Mursko Središće (Muraszerdahely, Kajkavian: Mursko Središče) is the northernmost town in Croatia and in Međimurje County which lies on the river Mura, the natural line dividing Croatia from Slovenia.

==History==

Mursko Središće was first mentioned in 1334 as Sancti Martini in Zredysche. Historian Ivan Kukuljević-Sakcinski claimed that the site was occupied by the Romans and was known under the name of Helicanum. If true, it would have been a strategic point on the road between Ptuj (Poetovio) in Slovenia and Carnuntum (Petronell) on the river Danube, the post between today's Vienna and Bratislava in Slovakia. The existing road was built in the 1st century. Other historians disagree, claiming that Helicanum might be today's Sveti Martin na Muri or nearby Lendava (Lendva).

In 1477, Mursko Središće was officially mentioned as an important trade post with three other places in Međimurje (Čakovec, Prelog and Nedelišće). In 1650, the town was known as Muraszerdahely and in 1660 the local chapel of St. Martin was documented. In 1716 the church of St. Ladislaus, was built in the gothic style, but was ruined by a flood in 1690. It was then rebuilt in the late baroque style.
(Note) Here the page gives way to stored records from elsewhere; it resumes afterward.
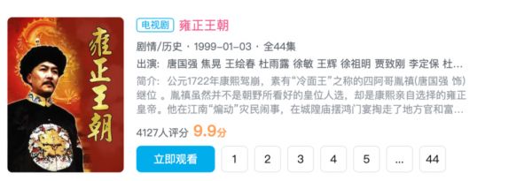 在这股热潮推动下,《雍正王朝》同《康熙王朝》在豆瓣的评分对比,也从一年多之前的8.8:9.2,迅速逆转为9.4:9.2。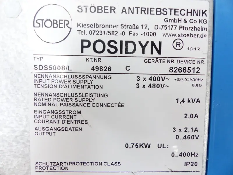 Stöber Posidyn Servo Drive SDS5008/L 0,75kW + ASP5001/1 XEA5001 DP5000 TESTED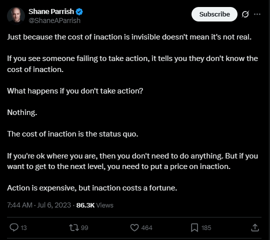 What is the cost of inaction? What is your status quo costing you, and how can you make the pain painful enough to drive you forward?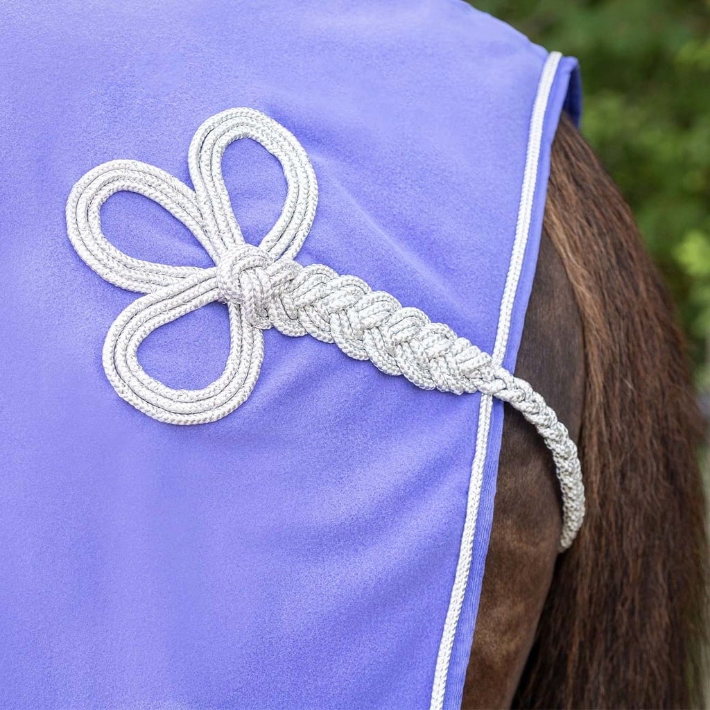 Az elegáns ezüst zsinór és a stílusos díszítés luxus megjelenést kölcsönöz a takarónak – ideális istállókba vagy versenyekre.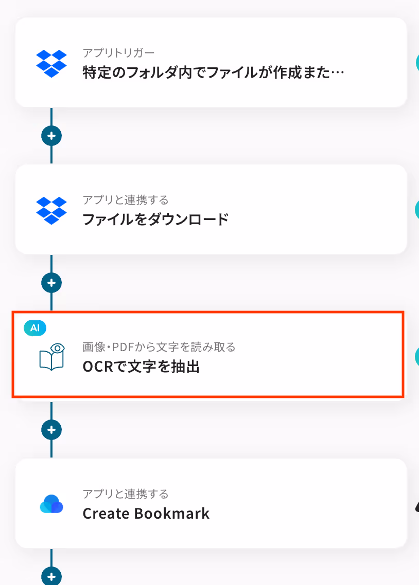 続いて、Dropboxでダウンロードしたファイルに対して、OCRで文字を読み取る設定を行いましょう。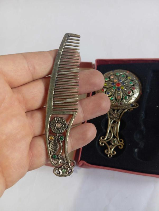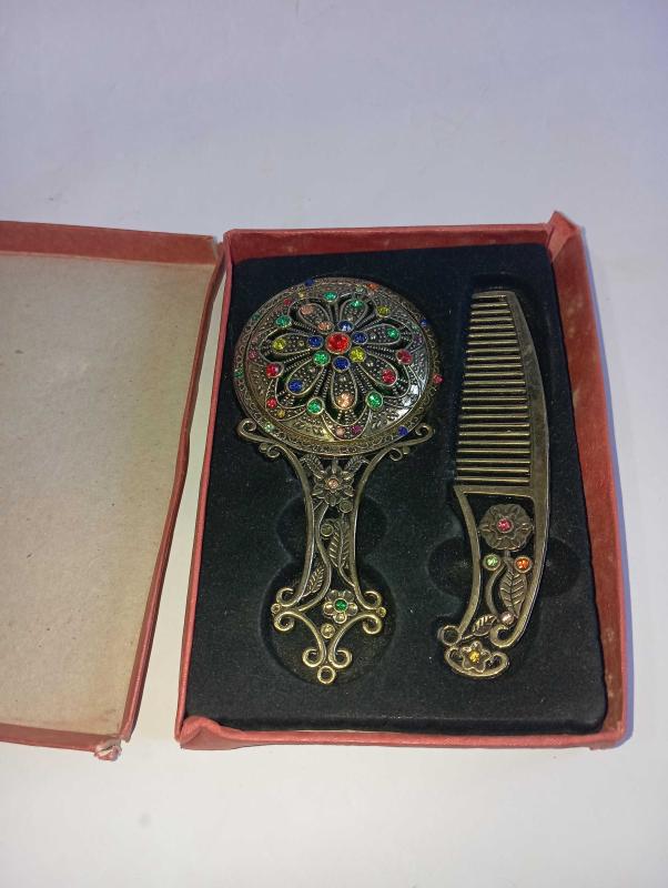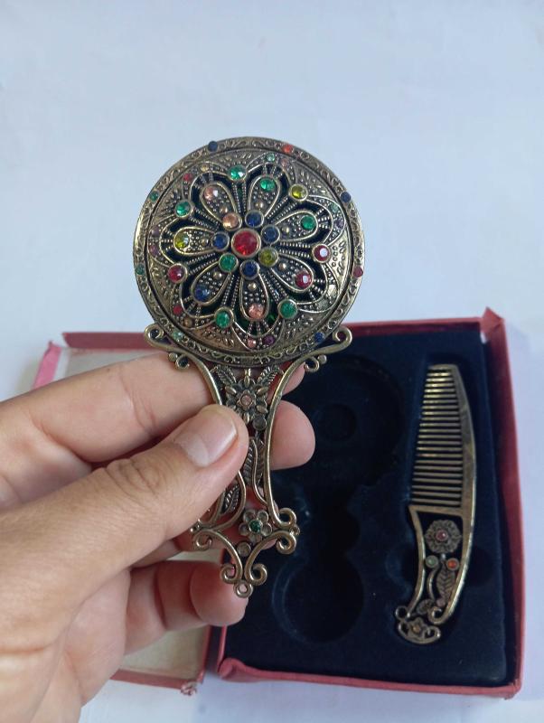 Ayna ve tarak taşlı işlemeli başlıklı antika/koleksiyon objesinin menşei belirtilmemiştir. Objenin ait olduğu dönem bilinmeketedir.

In 1856, the world's first oil field was created in the settlement of Peklenica. At the time, two men and one woman were collecting the oil into containers and 25 to 35 liters of crude oil could be collected per day. In 1918, 1,000 tons of oil were produced in Peklenica.

In late 1918, Mursko Središće was occupied and annexed by the Kingdom of Serbs, Croats and Slovenes together with the rest of Međimurje. During World War II, between 1941 and 1945, it was occupied by Hungary.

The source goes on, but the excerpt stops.